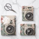 Wrapping paper sheets with a vintage styled camera decorated with flowers. Pastel colors of pink, cream and green.
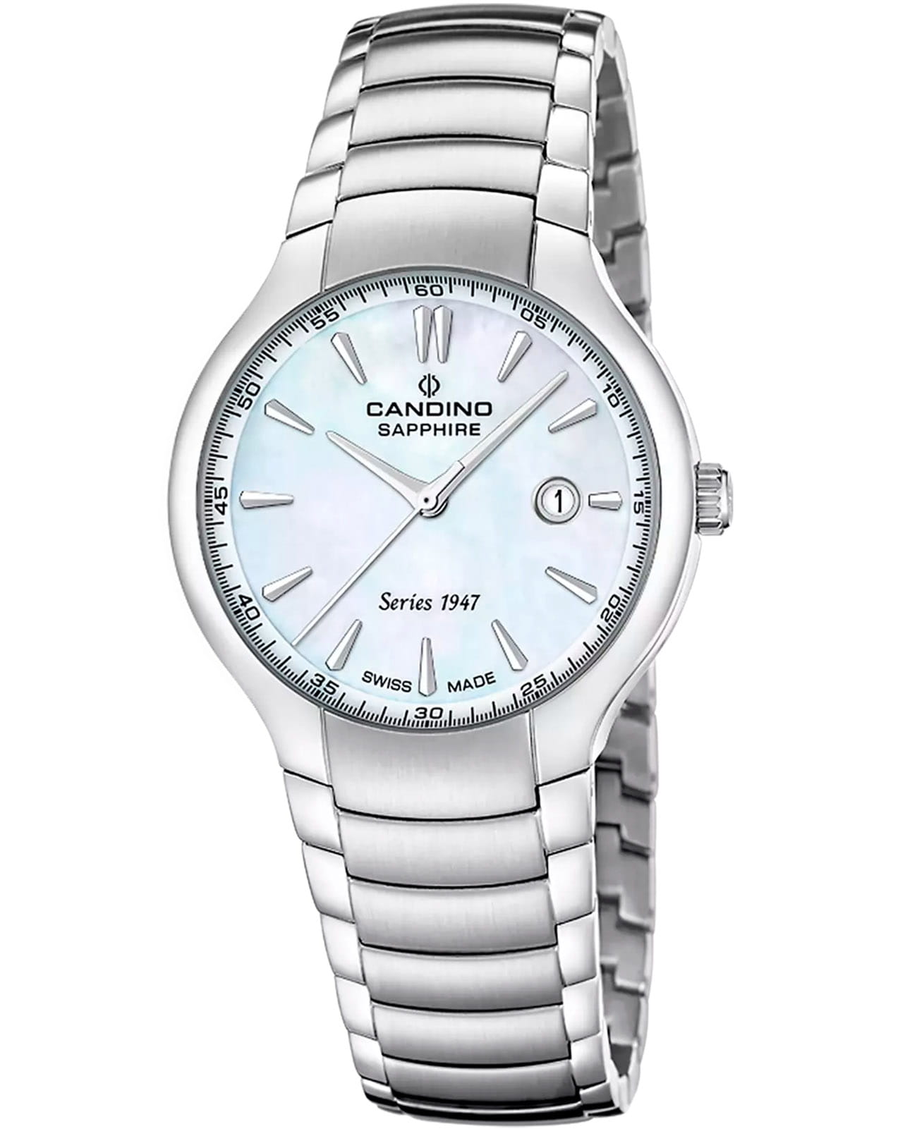 Женские кварцевые часы Candino — это сочетание элегантности и швейцарского качества. Корпус диаметром 34 мм и толщиной 8,6 мм выполнен из нержавеющей стали 316L. Циферблат голубого цвета оформлен индексами, придающими изделию изысканность. Окошко даты расположено в положении 3 часов. Циферблат защищён сапфировым стекломСапфировое стеклоПрочный и надёжный материал из кристалла сапфира синтетического происхождения, характеризующийся особой твёрдостью и устойчивостью к царапинам и повреждениям., устойчивым к царапинам. Механизм — кварцевый, произведённый в Швейцарии. Часы оснащены стальным браслетом на застёжке «бабочка» с кнопкамиЗастёжка "бабочка"Такой вид застёжки дополняется предохранителями, помогающими избежать случайного раскрытия браслета. Обладают изящным исполнением. . Водонепроницаемость 100 м позволяет использовать часы для плавания и повседневного ношения. Гарантия — 2 года. Идеальный выбор для тех, кто ценит стиль, точность и надёжность.
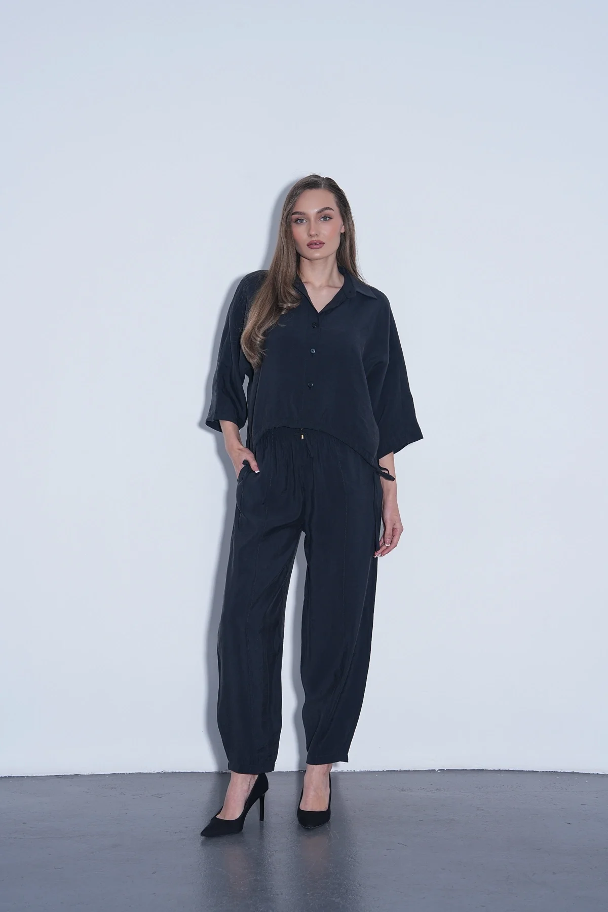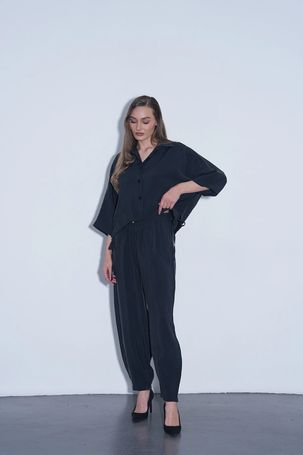 Siyah Modal Gömlek Pantolon Takım
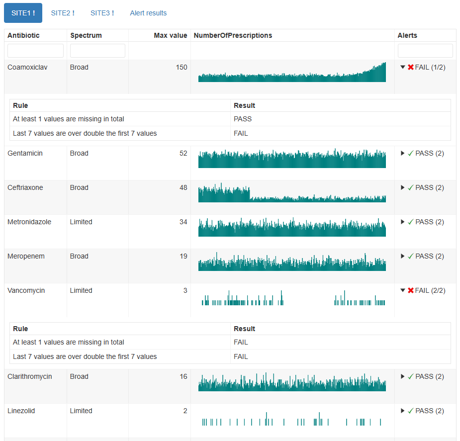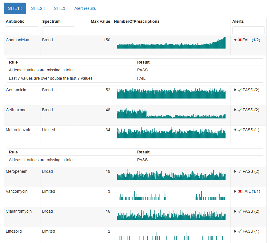 We can easily add a rule to test for any missing values. While we’re here, we will also add a custom rule to try to catch the fact that Coamoxiclav prescriptions have become much higher than they were at the start.
##############################
[Task statement] Restate word for word the lines starting at the one that contains "Siyah Modal Gömlek Pantolon Takım" and ending at the last line of the data. Skip every picture.

[Response to the task]
 Siyah Modal Gömlek Pantolon Takım
 We can easily add a rule to test for any missing values. While we’re here, we will also add a custom rule to try to catch the fact that Coamoxiclav prescriptions have become much higher than they were at the start.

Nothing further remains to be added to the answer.